If you were very diligent in how you packed either box truck you reduce the need for such a friend, but it's sure nice to have them no matter what. Chances are the PS4 will have some level of this same concept as well, though likely not to the same extent that MS is incorporating, since MS needs some way to get over the DDR3 bottleneck.

I'd say it's a further complication resulting from MS wanting 8 GB of memory and therefore going with clearly too slow DDR3. Move Engines, ESRam, etc. are all attempts to patch over that deficiency. This is also likely why MS is running them pre-programmed, because making developers have to manage this to avoid a bottleneck the PS4 doesn't have would be a pain in the ass.

You sir, are my hero. Thank you for a such a wonderful analogy.
 

sangreal

Member
This is the beauty of new hardware. Despite the PS4 and X720 have a similar originating hardware the end goals of each manufacturer are very far apart. This is real, meaningful differentiation. I think that's great because the last thing I want is another PS3/360 generation where outside of first party titles and a handful of exclusives the two systems are basically twins. I'll buy both so I want both to provide unique services, not a cookie cutter template of "next gen" that makes it an "either/or" choice where I end up buying one, playing the exclusives, and then offloading it. Nintendo already makes me do that.

couldn't agree more
 

mrklaw

MrArseFace
This is an excellent post. It takes real skill and knowledge to be able to come up with this clear of a metaphor for complicated tech stuff.

I think the only adjustment I'd give would be that its your house which has 8,000/4,000 pounds of stuff you can move. Trucks give speed but they can't carry all of it at once - otherwise the big Durango truck would take twice as long to arrive but it'd deliver twice as much, so overall speed is effectively the same (which it isn't)
 
They bought it back 2 years ago. They made a profit on that deal.



See my post. ^^

EDIT: Here is the link just for shits.
http://www.engadget.com/2010/12/22/sony-buys-back-toshibas-cell-plant-for-50-billion-yen-makes-a/

They bought it back to use for image sensors and image processing chips. There was no information given in the press release to suggest that they would use the newly bought foundries for anything other than image sensors and processors.

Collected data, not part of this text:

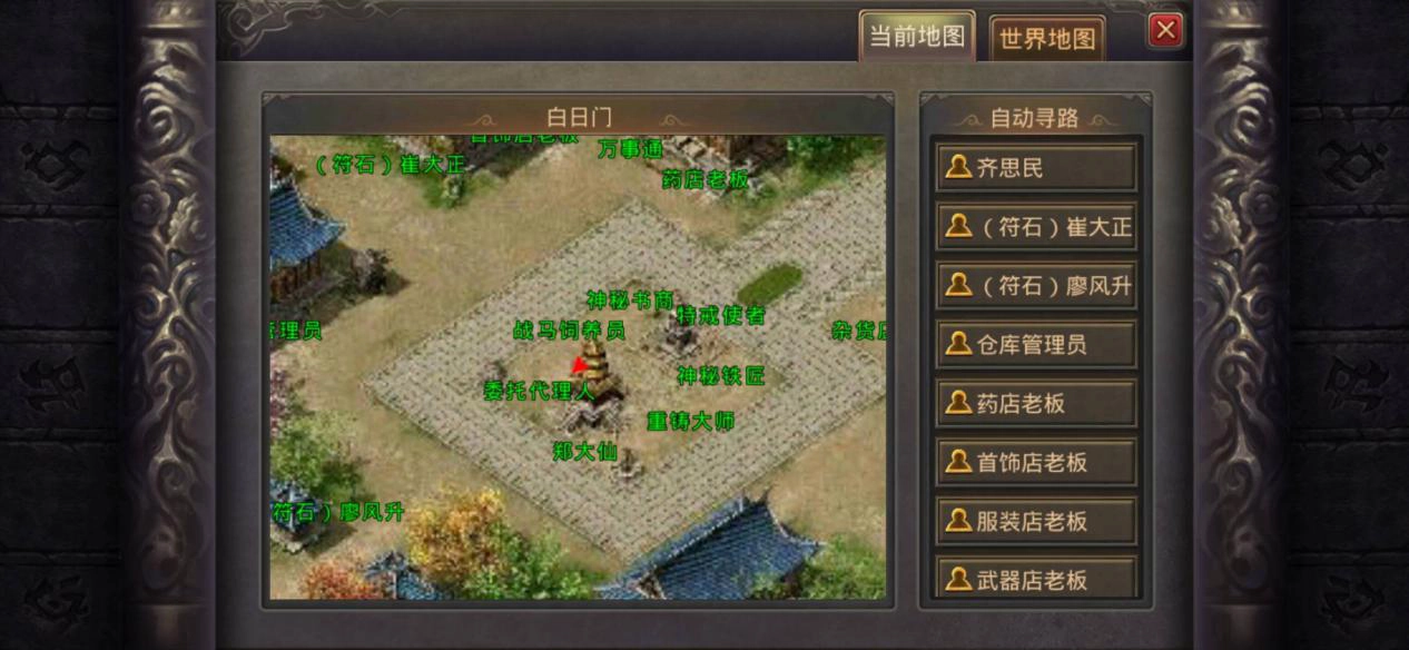 白日门主城作为一座独立城池,玩家需在大地图使用飞鞋道具方可传送抵达。该主城区域会刷新白日门宝箱,开启宝箱可获得白日门残卷,此残卷可用于兑换强效技能。此外,从白日门主城还能前往蛮荒深林与蛮荒林地,这两处地图均为70级玩家挂机刷怪的理想场所。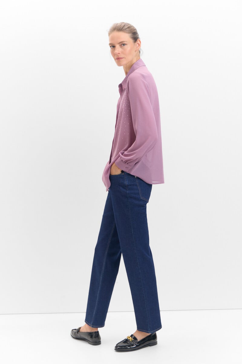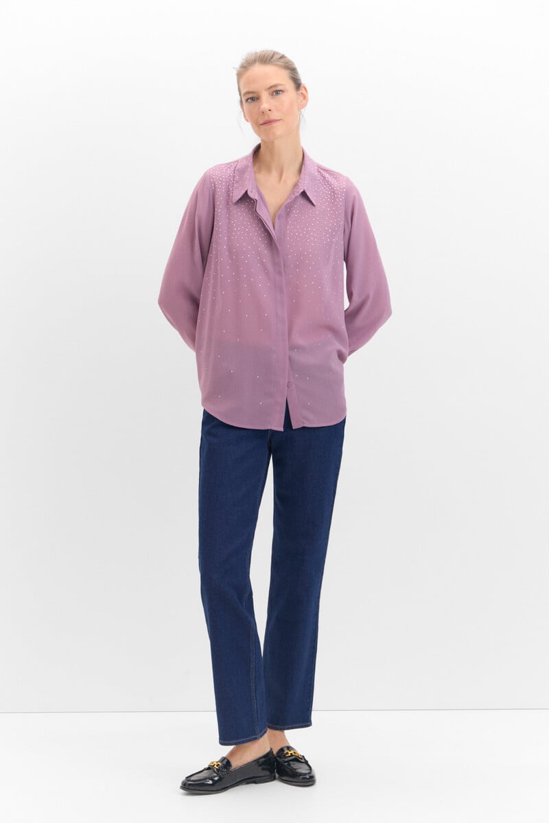 Chemise fluide en tissu léger ornée de strass en cascade. – Manches longues avec poignets boutonnés. – Col chemise.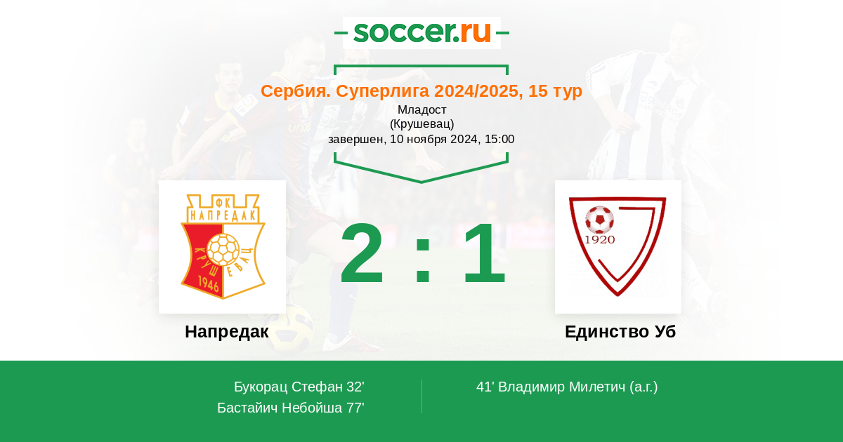 Протокол матча Напредак против Единство Уб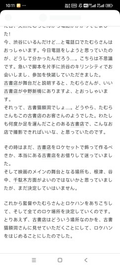 电影中出现的古书猫额洞,为东京一家古书店,位于中野地区,铃木卓尔常去那里撸猫。确定摄影师田村正毅时,刚好对方推荐去那里拍摄,于是一拍即合,一起愉快玩耍。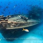 - Creole wrasse (Clepticus parrae) swarm above the bow of the wreck of the USS Kittiwake. Seven Mile Beach, Grand Cayman, Cayman Islands, British West Indies.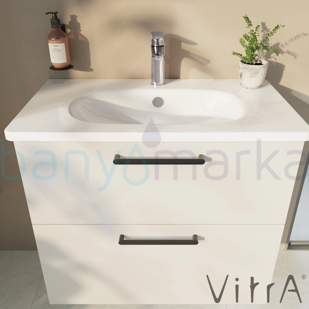 Vitra Root Flat İki Çekmeceli Lavabo Dolabı, 80 cm, Parlak Beyaz (Yuvarlak Lavabo Dahil)
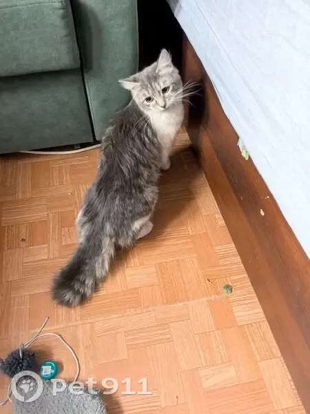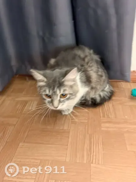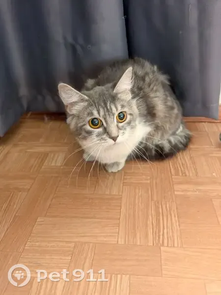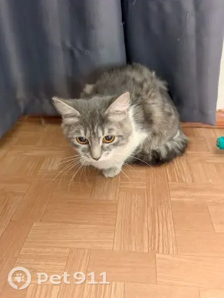 Молодая кошечка, предположительно выпала из окна или случайно выбежала. В стрессе, но не нападает, сидит на руках нормально. Из особенностей: ярко оранжевого цвета глаза и непропорционально короткий хвост. Есть пара ссадин, в остальном цела и здорова.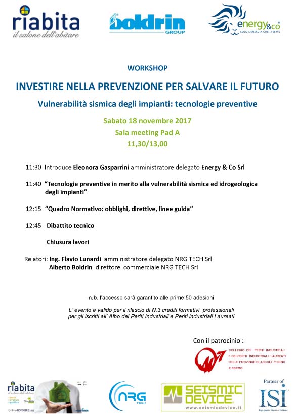 Energy&Co vi aspetta al padiglione B stand D8, e vi invita a partecipare sabato 18 novembre alle ore 11:30, presso la sala meeting padiglione A, al workshop “Investire nella prevenzione per salvare il futuro – vulnerabilità sismica degli impianti: tecnologie preventive”.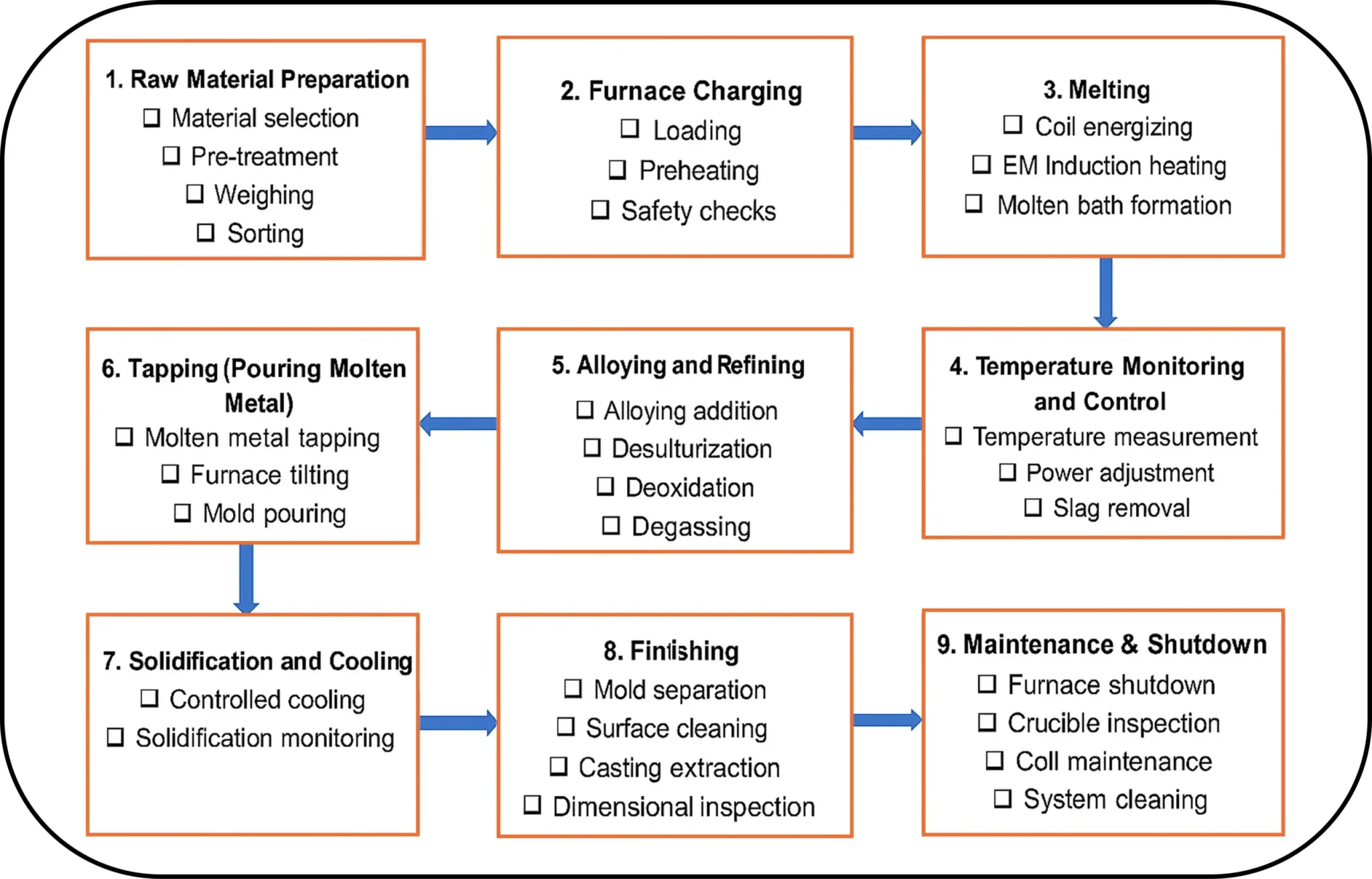 Flujo Operativo de un Horno de Inducción con Estructura de Acero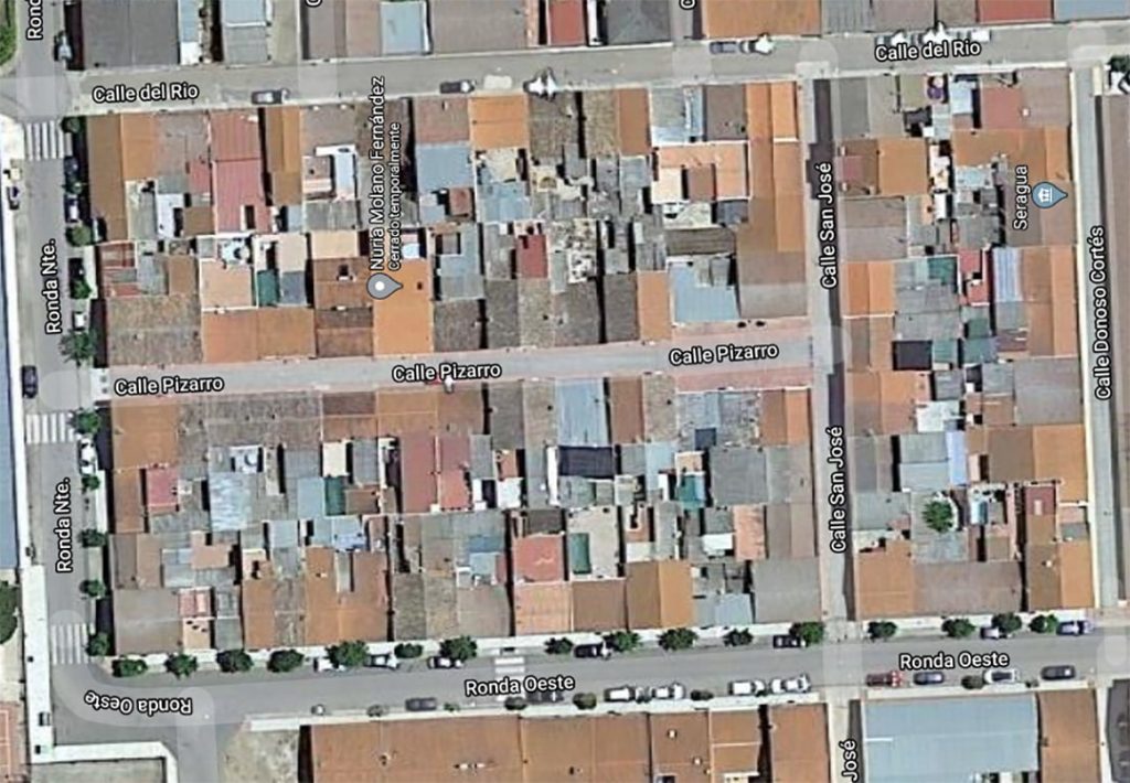 Plano de la situación de las casas de la calle Pizarro del lado de los números impares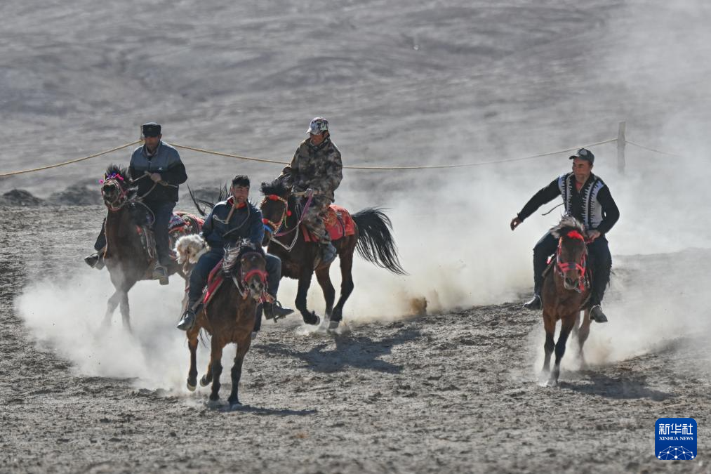 3月22日,在新疆塔什库尔干塔吉克自治县瓦恰乡,当地村民为游客展示非物质文化遗产“叼羊”运动。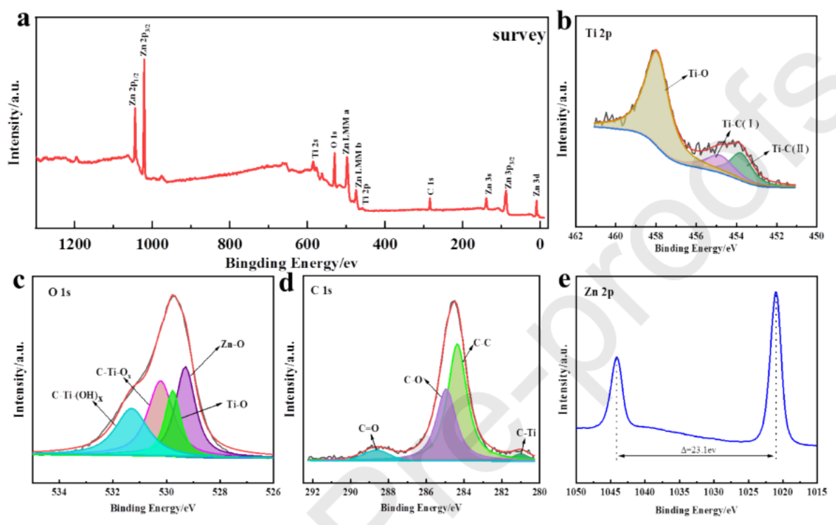 圖4. XPS譜圖,全XPS測量(a),Ti 2p (b), O 1s (c), c 1s (d)和Zn 2p (e)。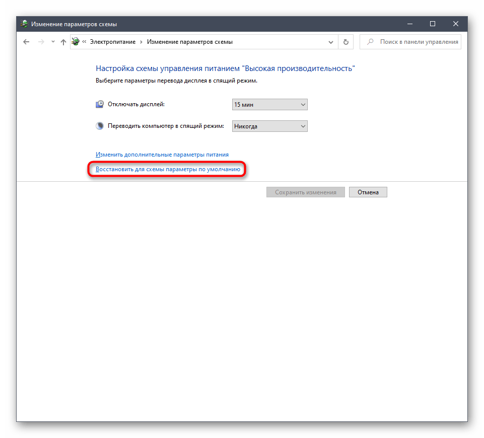 В противном случае перейдите к «Настройка схемы электропитания», нажав по соответствующей надписи возле активной настройки. Там щелкните по «Восстановить для схемы параметры по умолчанию» и подтвердите внесение изменений.

The fact that Toshiba make the Vita SoC should tell you everything you need to know about their fabrication capacity for general purpose CPUs.

His post says Toshiba makes the 45nm Cell. They don't, Sony does.

Toshiba still do. Sony source Cell from Toshiba and IBM. They do not produce any themselves and have not done so since the early production at 90nm.
 
They bought it back to use for image sensors and image processing chips. There was no information given in the press release to suggest that they would use the newly bought foundries for anything other than image sensors and processors.

The fact that Toshiba make the Vita SoC should tell you everything you need to know about their fabrication capacity for general purpose CPUs.

I don't think Toshiba still owns any Cell plants... there isn't much information but that was the impression I was under.

They still do. Sony source Cell from Toshiba and IBM. They do not produce any themselves and have not done so since the early production at 90nm.

I thought IBM stopped producing Cells in like 2009, including Blade Cells.
 
The pounds were supposed to point out the difference in memory capacity, the bandwidth gap is expressed in the massive difference MPH, which is where the PS4 doubles up (and then some) the 720.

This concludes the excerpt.